She’d run a small empire from this room.
You’d never know by looking at it. Wasn’t even a legal unit, stuffed up in the top of the building with the HVAC systems and the roof access. No kitchen. Bathroom was around the corner, shared with the building’s maintenance workers. A mattress thrown on the floor, hot plate in an alcove, sofa dragged in off the street. Bit of a view. It didn’t have much.
What it did have was power, and a hard link to the sat-grid on the roof.
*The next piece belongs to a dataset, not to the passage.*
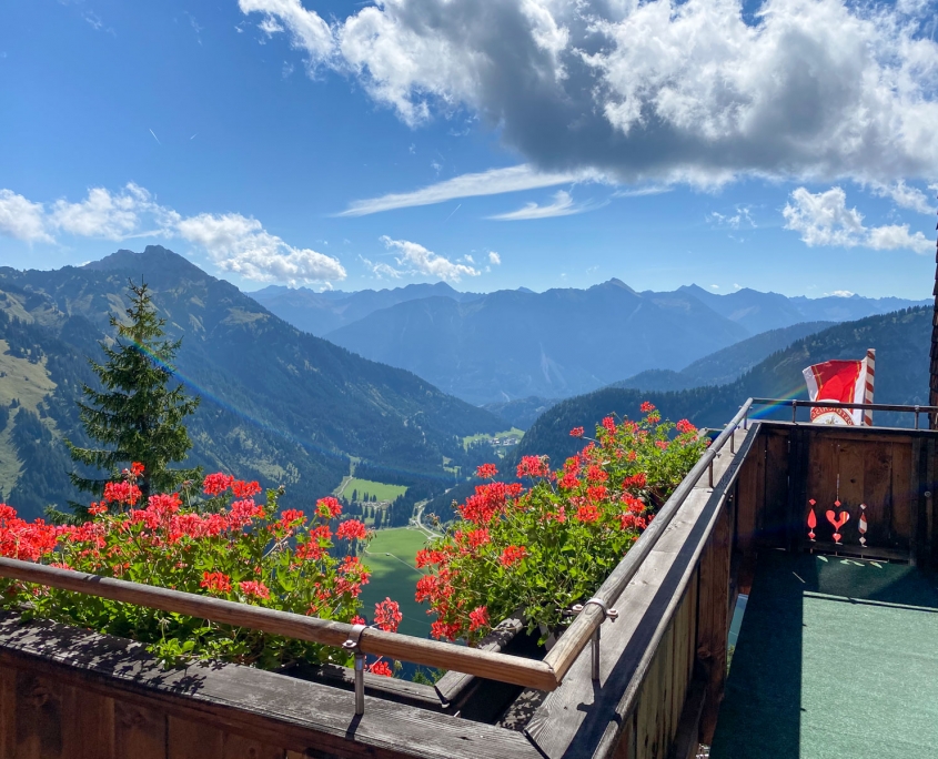 Einmal mehr hatten wir bestes Bergwetter, aber das sollte noch anders werden. Ein kurzweiliger nicht allzu langer Aufstieg brachte uns direkt auf die Terrasse des Gimpelhaus. Sonnenschein, da musste erst einmal eine Pause her.

The most striking feature of the room, aside from an inexplicable suit of ancient samurai armor in the entryway—fake probably and dragged in off the street like the sofa, but maybe not?—was the computer station. Quadruple monitors, a xeo 12 with AI assist, and neural interface. The chair in front of it was worn in the padding. Heavy use.
She’d been there a lot.
The poster on the wall above the workstation was telling. Get Mad, it read.
She certainly had gotten mad, hadn’t she? Everyone was mad, now. The financial district might never recover. Not to mention the ministers and their reputations. Down in the streets, through even the pelting rain that was so much louder this close to the roof, the chanting of protestors could be heard.
I leaned over the workstation and passed my hand over a mug of tea. Cardamom from the smell of it.
I looked at my partner, his expression expectant, and his plainclothes still dripping from the rain. “Still warm?” he asked.
I shook my head. “Cold.” I said. I was dripping, too. “She hasn’t been here in a long time.”